Cautious Defiance: The Cuban Church's role in the release of political prisoners | A special report by Daniel Allott for Catholic World Report
One day last March, the Ladies in White—a group of wives, mothers, and other female relatives of Cuban political prisoners—prepared to march from St. Rita of Cascia Church in Havana to a nearby park. The Ladies, who wear white as a symbol of peace, had made that walk every week since 2003.
In March of that year, Cuban government agents arrested and imprisoned 75 journalists and human rights and democracy activists in a crackdown on nonviolent political dissent that became known as Cuba’s Black Spring. The Cuban government had rarely interrupted the Ladies’ peaceful protests. (My brother, doing research in Cuba for a documentary, observed one of the marches in Havana two years ago, and saw that several policemen were present but didn’t intrude, even when he began recording the march with a hand-held video camera.)

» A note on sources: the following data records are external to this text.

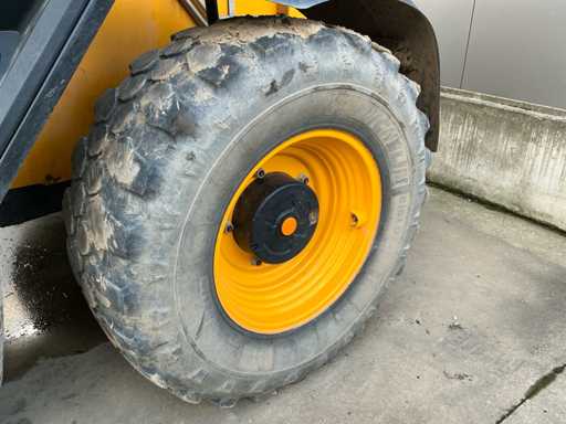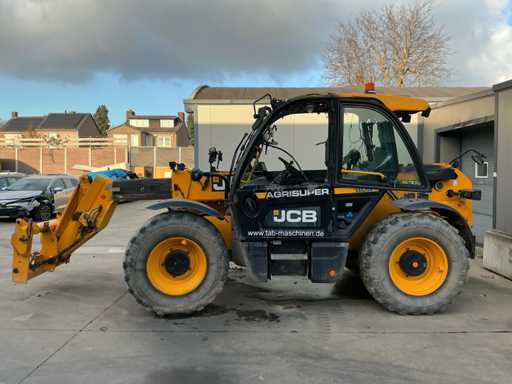 Voorzien van: brandschade machine, DualTech VT 2-in-1-transmissie naadloze overgang van hydrostatisch naar powershift, JCB Q-FIT opname, Max. reikwijdte 3,73 m, rijsnelheid 50 kph, max. hefvermogen 3.800 kg, max. hefhoogte 7m, JCB DieselMAX-motor.
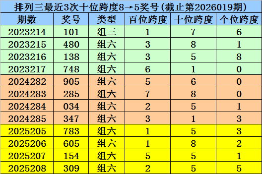 开奖回顾:第2026019期排列三奖号开出848,奖号奇偶比开出0:3,012路比开出0:1:2,跨度为4。
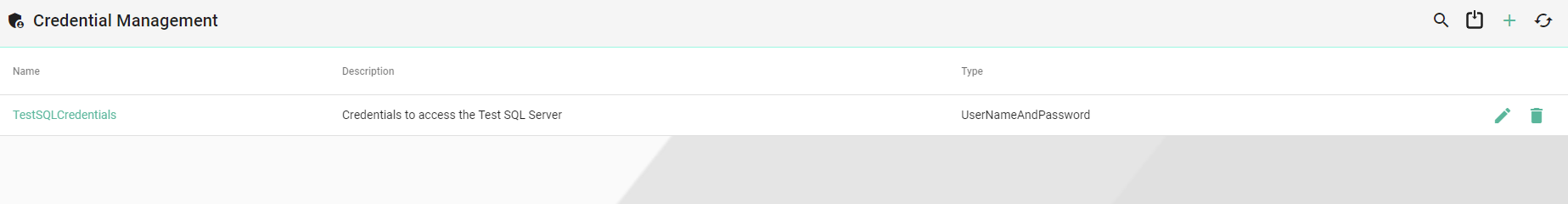 Within the Credential Manager the user can store and manage the credentials needed for the Communication Channel configuration (e.g., password for certificates, username and password for SQL Server).
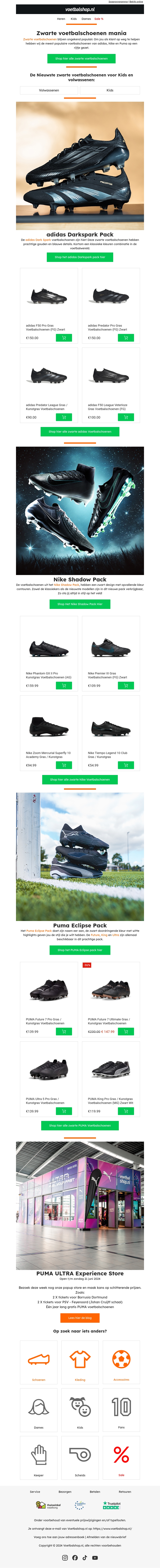 Welkom bij de Zwarte Voetbalschoenen Mania! We hebben de nieuwste collecties voetbalschoenen van onder andere adidas, Nike en Puma voor je op een rij gezet. Ontdek nu de nieuwste trends en scoor jouw perfecte paar. Bezoek ook onze PUMA ULTRA Experience Store voor exclusieve deals.
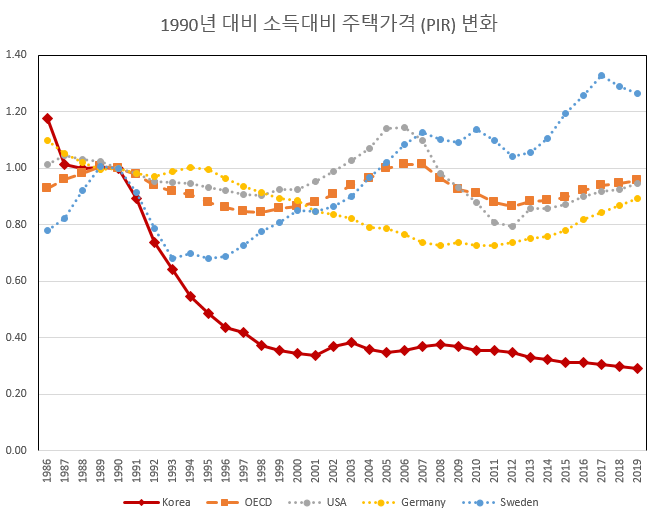 이에 반해 OECD 평균은 거의 변화가 없다. 복지국가인 스웨덴은 1990년대 이후 소득대비 주택가격이 크게 올랐다.

This time, however, the Ladies were besieged by a group of government security agents, who blocked their procession, shouting insults and threats. Several women were detained and assaulted. Then, hundreds of pro-government protestors surrounded the group and engaged in what the Cuban government calls “acts of repudiation”—verbal taunts, chants, and threats.
Over the next several weeks, similar scenarios played out during the Ladies’ peaceful protests. It quickly became clear that the government was attempting to put an end to the marches.
The government’s intimidation tactics prompted the archbishop of Havana, Cardinal Jaime Lucas Ortega y Alamino, to send a letter to Cuban President Raúl Castro protesting the abuse and stating that “for the Church to tolerate this in silence would be an act of cowardice.” Cardinal Ortega, Havana’s archbishop since 1981, had sent many letters over the years to Fidel and Raúl Castro asking for meetings to express the Church’s concern over the treatment of political prisoners and other dissidents on the island. But something novel happened when Cardinal Ortega sent the letter this time: he got a response.
In May, Raúl Castro, who has headed the Cuban government since 2008, met with Cardinal Ortega and Archbishop Dionisio Garcia Ibanez, president of the Cuban bishops’ conference. Castro agreed to stop harassing the Ladies. He also agreed to move 12 political prisoners to prisons closer to their homes so as to make it easier for their families to visit them. (The government typically holds its political enemies in prisons as far away from their families as possible.)
Ortega and Castro met three more times over the next few weeks for talks that Ortega later described as “unprecedented.” With help from the Vatican and the Spanish government, on July 7 Ortega negotiated the release of the remaining 52 Black Spring prisoners, most of whom had been sentenced to decades-long prison terms. As of mid-October, the government had released 42 prisoners, and was promising to release the remaining prisoners by mid-November.
The Catholic Church has sometimes been criticized for not being outspoken enough about Cuba’s political prisoners. It has historically chosen engagement with the Castro regime over outright repudiation. But the Church’s cautious defiance has permitted it to play the crucial role of mediator in negotiating the current prisoner releases. While the prisoner releases are a result of a specific set of economic and political events and circumstances in Cuba, it is unlikely that they would be happening without the involvement of the Church.